Looks like it works pretty well.

I’ve built a LM with the SNLI corpus.

The LM worked and I was able to generate new sentences that were reasonable.

I’ve been getting stuck when trying to make sentence vectors. The vectors that I’m getting have no predictive power.

I using pytorch with the fast.ai lib. Every time I try to modify the fast.ai lib I get horribly lost.

Here is my LM code, any ideas where I’m going wrong creating the sentence vector? I’m using forward to train the LM and sentence_vector to create the vectors.

#based on  https://github.com/pytorch/examples/blob/master/word_language_model/model.py
class LSTMLM(nn.Module):
	"""Container module with an encoder, a module, and a decoder."""

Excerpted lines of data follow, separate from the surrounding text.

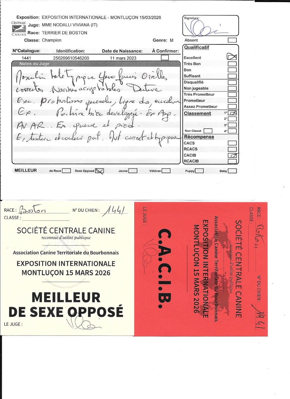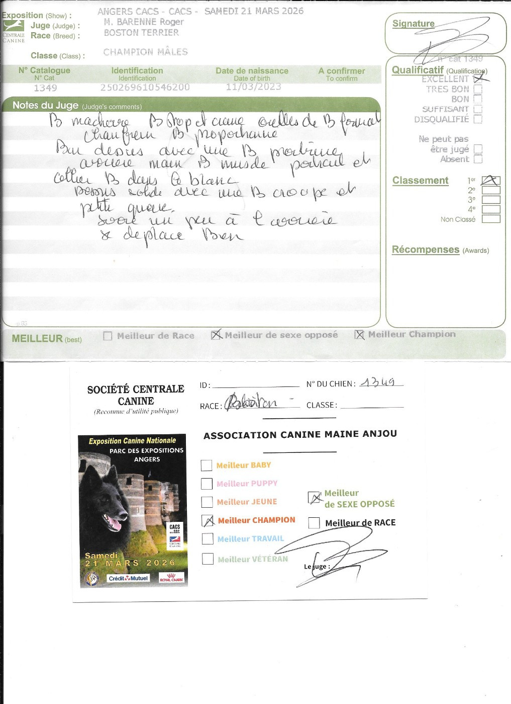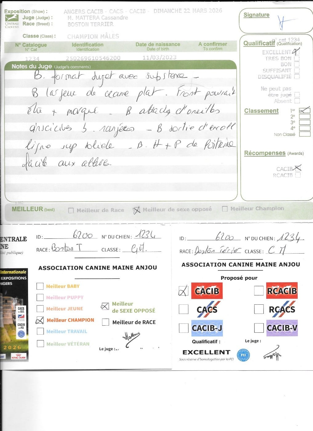 - 1° EXC CACS jeune BOB jeune Meilleur de RACE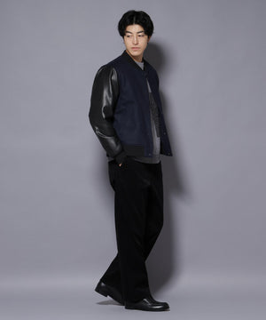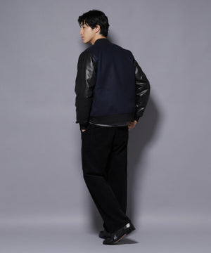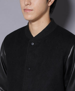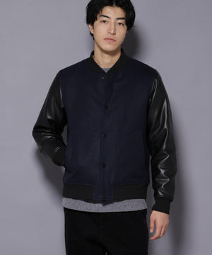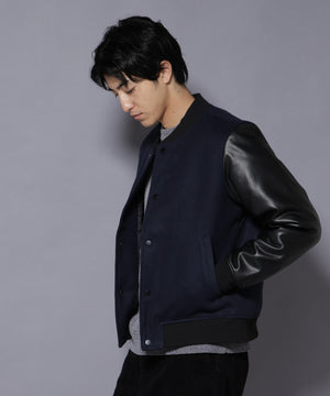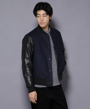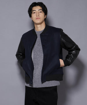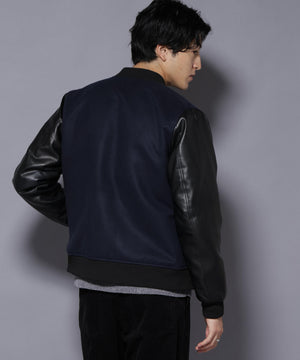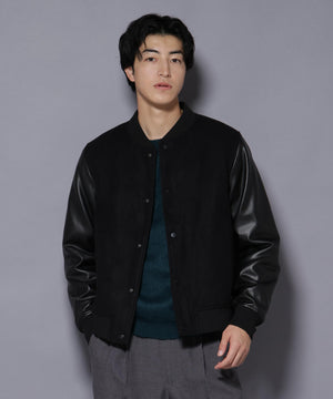 ・身頃はテックメルトン、袖にはフェイクレザーを使用したスタジャン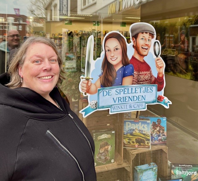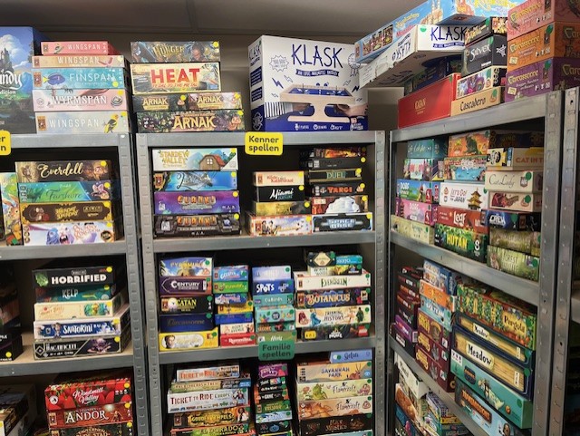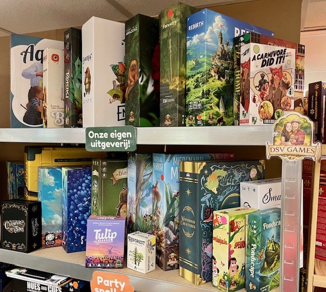 Maar voor ik daaraan begin wil ik het eerst hebben over een hoogtepunt van deze maand, namelijk ons bezoek aan de pop up spellenwinkel/café van De Spelletjesvrienden in Zevenaar. Niek en ik waren in de buurt en besloten er langs te gaan. Ik had van te voren op hun website gekeken of ik nog een tafeltje kon reserveren, maar dat lukte helaas niet meer. Maar toen we binnen kwamen bleek er toch plek. Gastvrouw Sonja vertelde dat het reserveringssysteem nog wat hickups heeft en raadde aan om een volgende keer even van te voren een mailtje te sturen. We kregen een fijne tafel toegewezen, we bestelden een drankje en kozen daarna een spel uit de grote spellencollectie. We gingen natuurlijk voor een spel van DSV Games (de eigen uitgever van de spelletjesvrienden), namelijk Aquaria. We kregen van Sonja de opdracht om het spel zelf even klaar te zetten op basis van de uitleg in het boekje. En voor we daar klaar mee waren kwam Michiel ons vervolgens het spel uitleggen. Hij vertelde dat hij het spel ook op het Spellenspektakel al een flink aantal keer had uitgelegd en dat was te merken. Aquarium is best een complex spel, maar hij gaf een heldere en volledige uitleg. Dat heb ik wel eens anders mee gemaakt. We hebben tijdens het spelen nog een keer een lekkere tosti besteld. En na ons potje Aquaria speelden we ook nog een potje Pondscape, na wederom een fantastisch goede uitleg. Wat ik van deze beide spellen vond, lees je verderop in dit blog, maar ik kan vast verklappen dat ze allebei mee naar huis gingen. Ik vind het echt jammer dat ik niet dichterbij Zevenaar woon, ik was graag vaste gast geworden in dit ontzettend leuke bordspellencafé. Het is hier echt goed toeven als spellenliefhebber. De tafels staan niet te dicht op elkaar, de temperatuur is aangenaam en de lucht is fris, het is gezellig druk, er is een flinke collectie met interessante spellen om te spelen en een groot deel daarvan kan door het aanwezige personeel desgewenst worden uitgelegd. En op de terugweg naar de uitgang loop je door het winkelgedeelte. Wat wil je nog meer! Als je in de gelegenheid bent om langs te gaan, dan zou ik dat zeker even doen.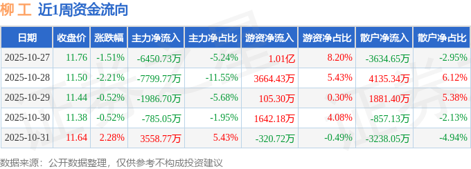 资金流向数据方面,本周柳 工主力资金合计净流出1.35亿元,游资资金合计净流入1.52亿元,散户资金合计净流出1713.08万元。本周资金流向一览见下表: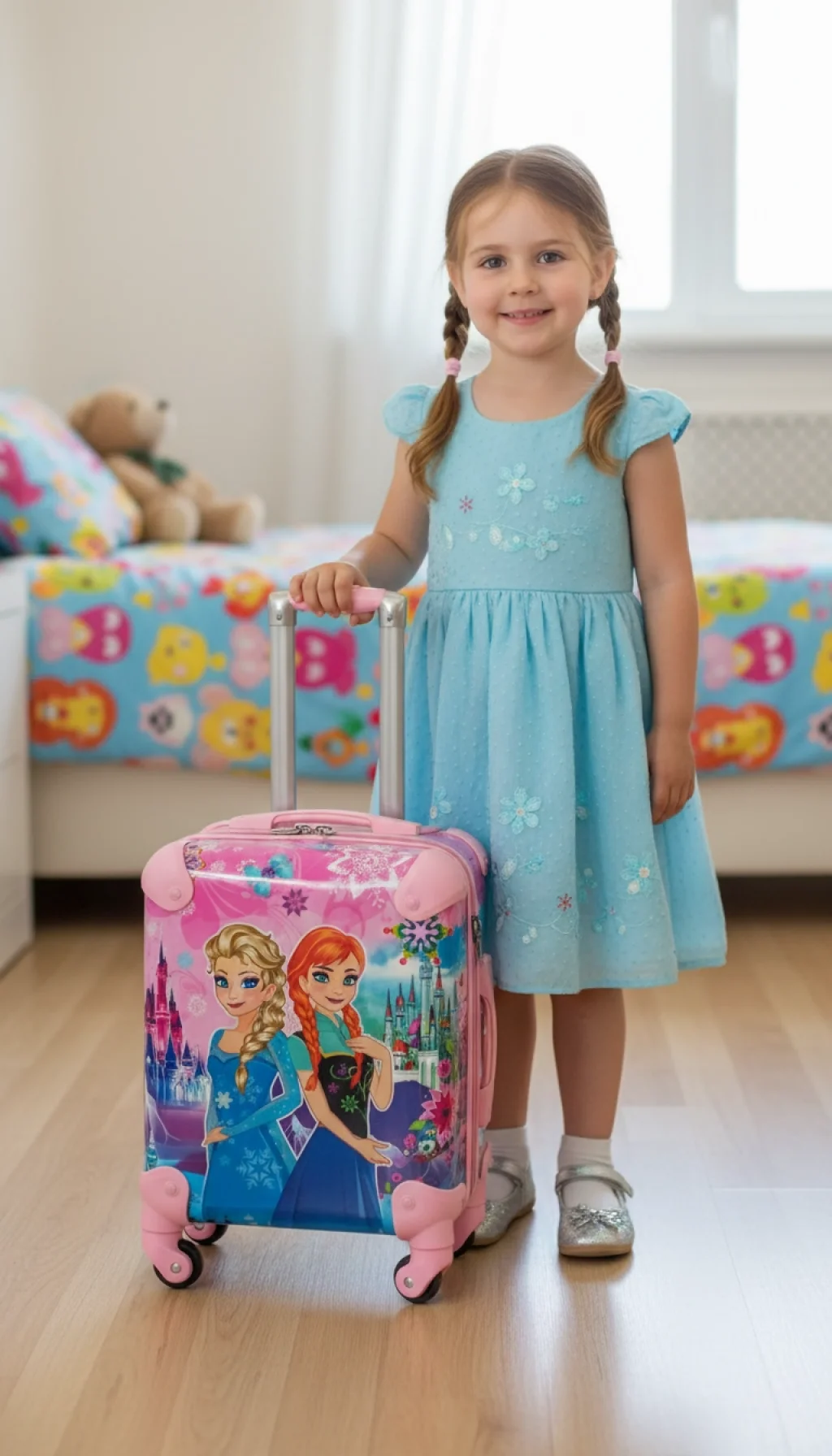 Çocukların seyahatlerini daha bağımsız ve eğlenceli hale getirmek için tasarlanan bu özel valiz, şıklığı ve fonksiyonelliği bir araya getiriyor. En sevilen karakterlerle süslenmiş renkli tasarımı sayesinde minikler artık kendi eşyalarını taşımak için sabırsızlanacak!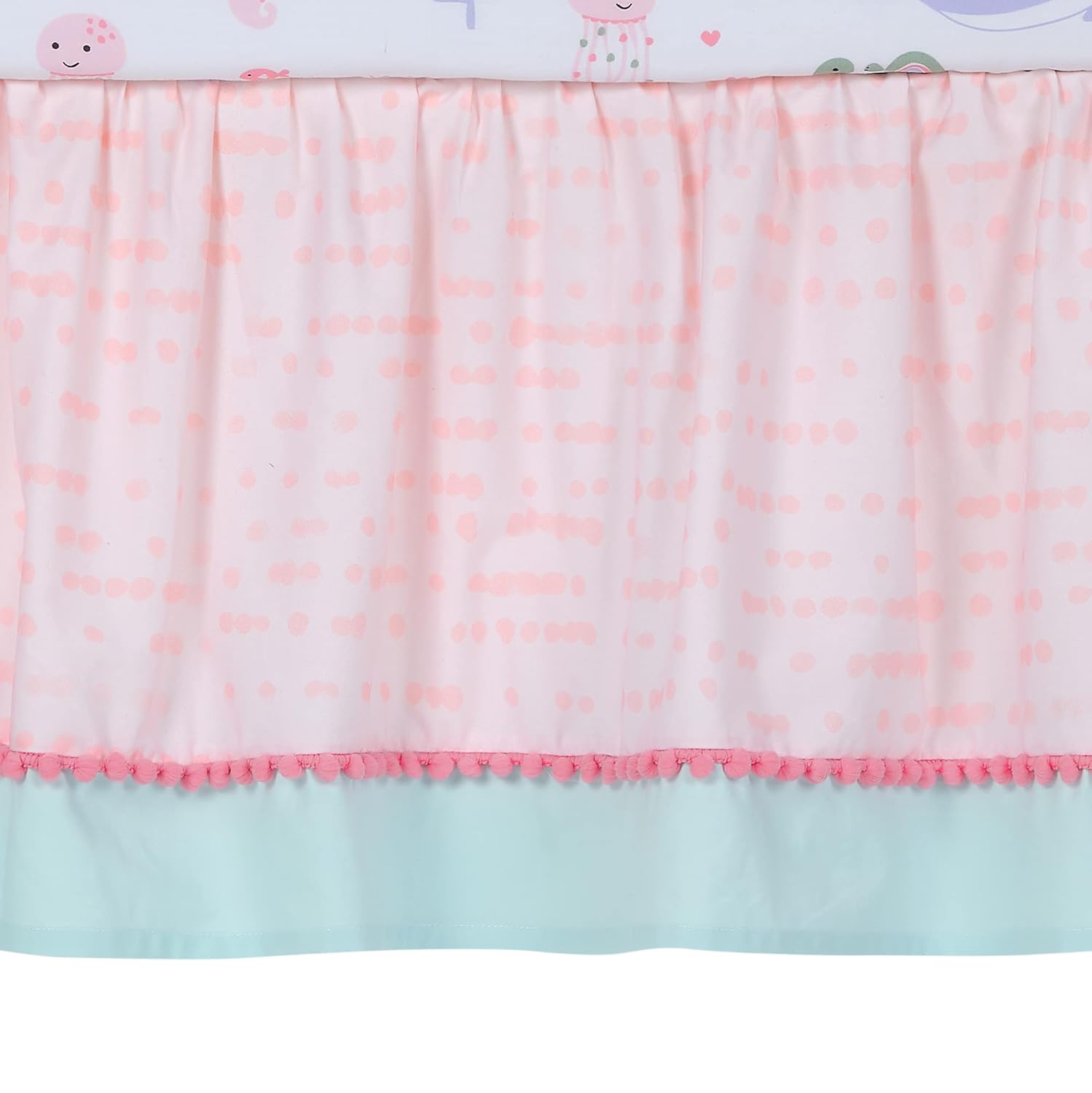 - Shirred cotton blend crib skirt with pom pom detail adds the finishing touch to your child’s crib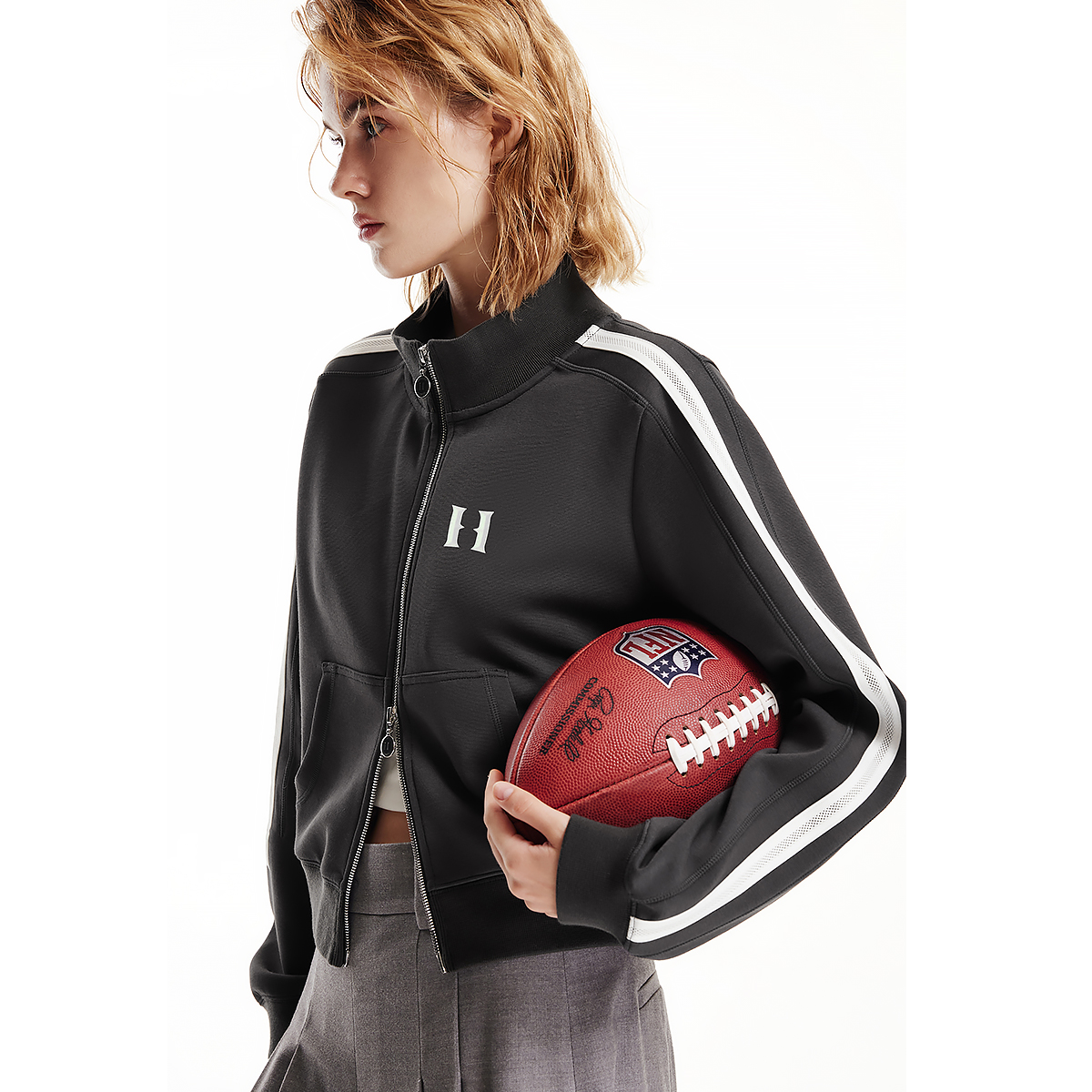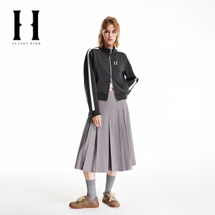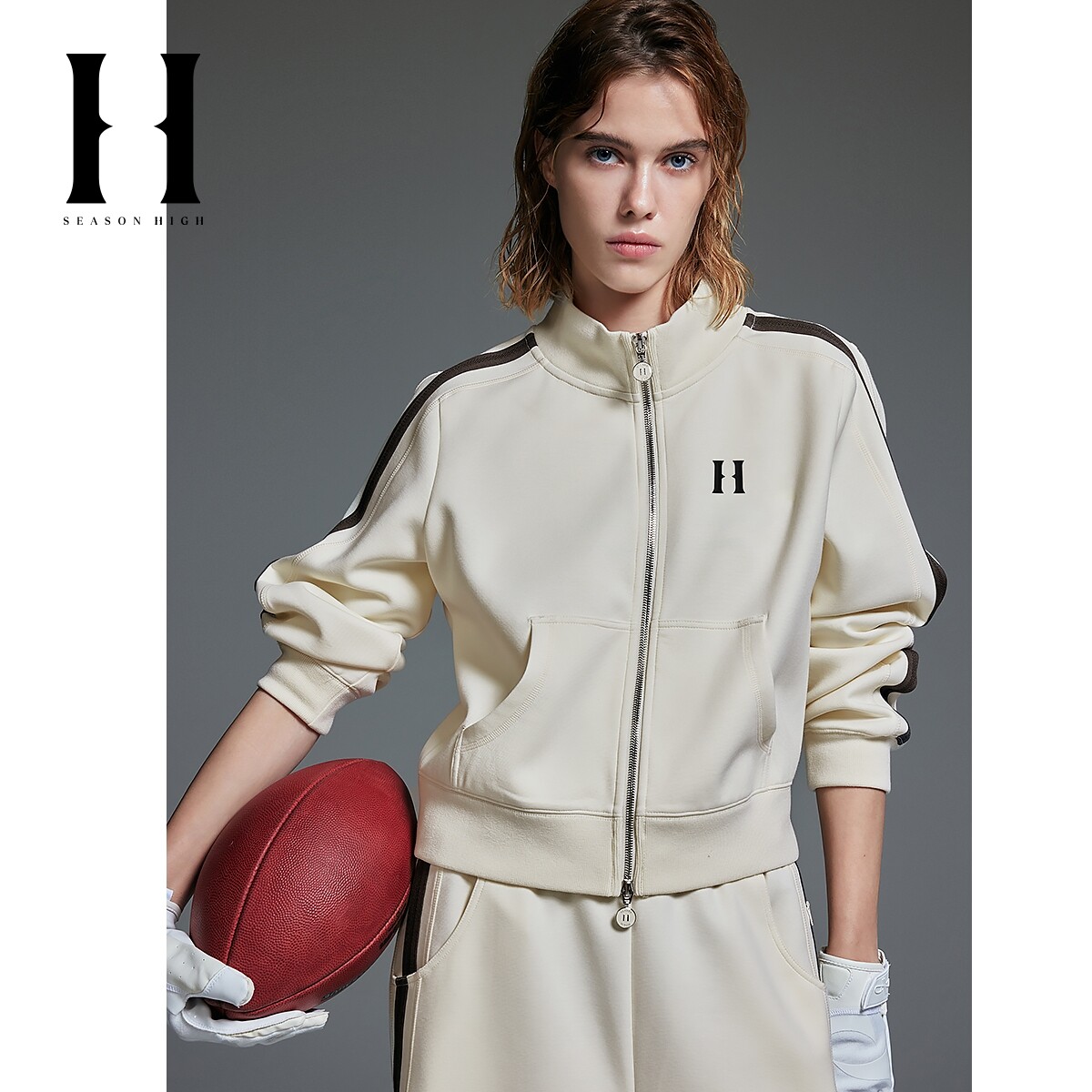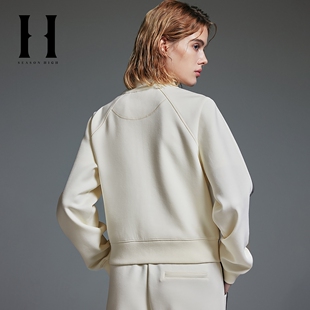 SEASONHIGH春季 女士立领卫衣双头拉链字母刺绣织带拼接上衣 新款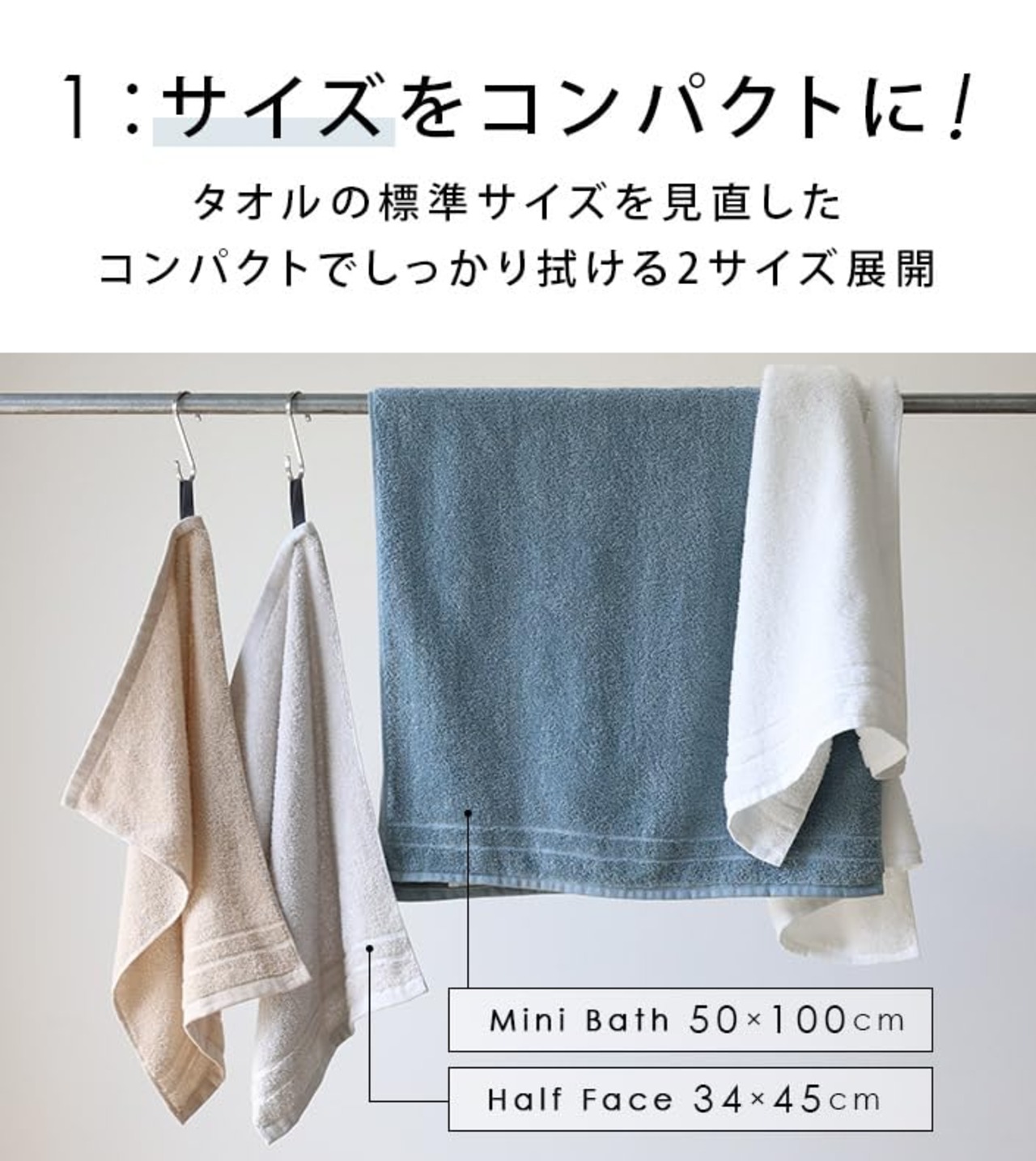 【フェイスタオルの長さを通常の半分に!】約34×45cmの半分サイズでも水分を心地よく吸水。使い分け・交換も気軽にできて、清潔に使える絶妙サイズです。キッチンでの手拭きにも使いやすく、カバンに収まりやすいサイズのため外出時もおすすめです。

	def __init__(self, ntoken, nhid, nlayers, dropout=0.5):
		super(LSTMLM, self).__init__()
		self.drop = nn.Dropout(dropout)
		self.encoder = nn.Embedding(ntoken, nhid)
		self.lstm = nn.LSTM(nhid, nhid, nlayers, dropout=dropout)
		self.decoder = nn.Linear(nhid, ntoken)

		# "Using the Output Embedding to Improve Language Models" (Press & Wolf 2016)
		# https://arxiv.org/abs/1608.05859
		# and
		# "Tying Word Vectors and Word Classifiers: A Loss Framework for Language Modeling" (Inan et al. 2016)
		# https://arxiv.org/abs/1611.01462
		self.decoder.weight = self.encoder.weight

		self.init_weights()

		self.nhid = nhid
		self.nlayers = nlayers

	def init_weights(self):
		initrange = 0.1
		self.encoder.weight.data.uniform_(-initrange, initrange)
		self.decoder.bias.data.zero_()
		self.decoder.weight.data.uniform_(-initrange, initrange)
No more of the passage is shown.